Data Manipulation

The aggregation commands include: Aggregation Type, Aggregate, Random Points Contours, and Assign.

The NLLS commands include: NLLS, NLLS Correlation, NLLS Delta, NLLS Feasible Region, NLLS Penalty Function, NLLS Iteration Limit, NLLS Parameters and NL2SOL.

Additional minimization commands include: Conj_Grad, and Simplex.

The data modifying commands include: Negate X Axis Data, List Surface, List Tuples, List Contours, Get Picture, Draw Picture, Load Data, Save Data, Save As Metafile, Matrix Write and Tab Table Vectors.

Aggregation

Aggregation Type

This command is used to specify the type of data aggregation to be performed by the Aggregate command. Aggregation produces an aggregate statistic for the z values for each aggregated unit area (if there are only 2 columns of data, the y values are aggregated). The type of aggregate to perform, and the boundary conditions are specified.

There are 3 parameter:s

aggregation type - a character string indicating the type of aggregate statistic to compute. "Total", "Average", "Count", "Min", "Max", "Std. dev.".

x boundary - An optional parameter specifying whether to include the x axis minimum cell boundary as part of the cell

(0 = the minimum is included, the default; 1 = maximum x axis, cell boundary value should be included in the cell).
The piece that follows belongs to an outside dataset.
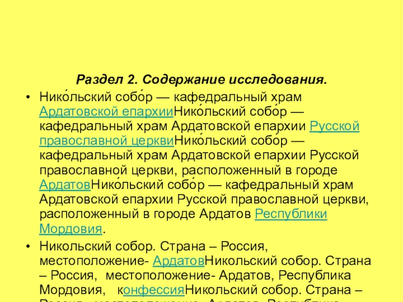 Никольский собор. Страна – Россия, местоположение- АрдатовНикольский собор. Страна – Россия, местоположение- Ардатов, Республика Мордовия, конфессияНикольский собор. Страна – Россия, местоположение- Ардатов, Республика Мордовия, конфессия- православиеНикольский собор. Страна – Россия, местоположение- Ардатов, Республика Мордовия, конфессия- православие, ЕпархияНикольский собор. Страна – Россия, местоположение- Ардатов, Республика Мордовия, конфессия- православие, Епархия-Ардатовская и Атяшевская. Дата основания- 1809, статус- Объект культурного наследия РФ.
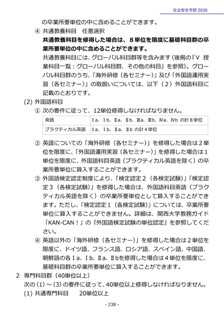 の卒業所要単位の中に含めることができます。④共通教養科目任意選択社会安全学部2026共通教養科目を修得した場合は、8単位を限度に基礎科目群の卒業所要単位の中に含めることができます。共通教養科目には、グローバル科目群等を含みます(後掲の『Ⅴ授業科目一覧:グローバル科目群、その他の科目』を参照)。グローバル科目群のうち、「海外研修(各セミナー)」及び「外国語運用実習(各セミナー)」の取扱いについては、以下(2)外国語科目に記載のとおりです。(2)外国語科目①次の要件に従って、12単位修得しなければなりません。英語Ⅰa、Ⅰb、Ⅱa、Ⅱb、Ⅲa、Ⅲb、Ⅳa、Ⅳbの計8単位プラクティカル英語Ⅰa、Ⅰb、Ⅱa、Ⅱbの計4単位②英語についての「海外研修(各セミナー)」を修得した場合は2単位を限度に、「外国語運用実習(各セミナー)」を修得した場合は1単位を限度に、外国語科目英語(プラクティカル英語を除く)の卒業所要単位に算入することができます。③外国語検定認定制度により、「検定認定2(各検定試験)」「検定認定3(各検定試験)」を修得した場合は、外国語科目英語(プラクティカル英語を除く)の卒業所要単位として算入することができます。ただし、「検定認定1(各検定試験)」については、卒業所要単位に算入することができません。詳細は、関西大学教務ガイド「KAN-CAN!」の『外国語検定試験の単位認定』を参照してください。④英語以外の「海外研修(各セミナー)」を修得した場合は2単位を限度に、ドイツ語、フランス語、ロシア語、スペイン語、中国語、朝鮮語の各Ⅰa、Ⅰb、Ⅱa、Ⅱbを修得した場合は4単位を限度に、基礎科目群の卒業所要単位に算入することができます。2専門科目群(40単位以上)次の(1)~(3)の要件に従って、40単位以上修得しなければなりません。(1)共通専門科目20単位以上-238-

y boundary - An optional parameter specifying whether to include the y axis minimum cell boundary as part of the cell

(0 = the minimum is included, the default; 1 = maximum yaxis cell, boundary value should be included in the cell).

For example, by default if you aggregate by 5, a data point having an x value of 20, would end up in the cell 20 >= x < 25, resulting in a new averaged x value of 22.5.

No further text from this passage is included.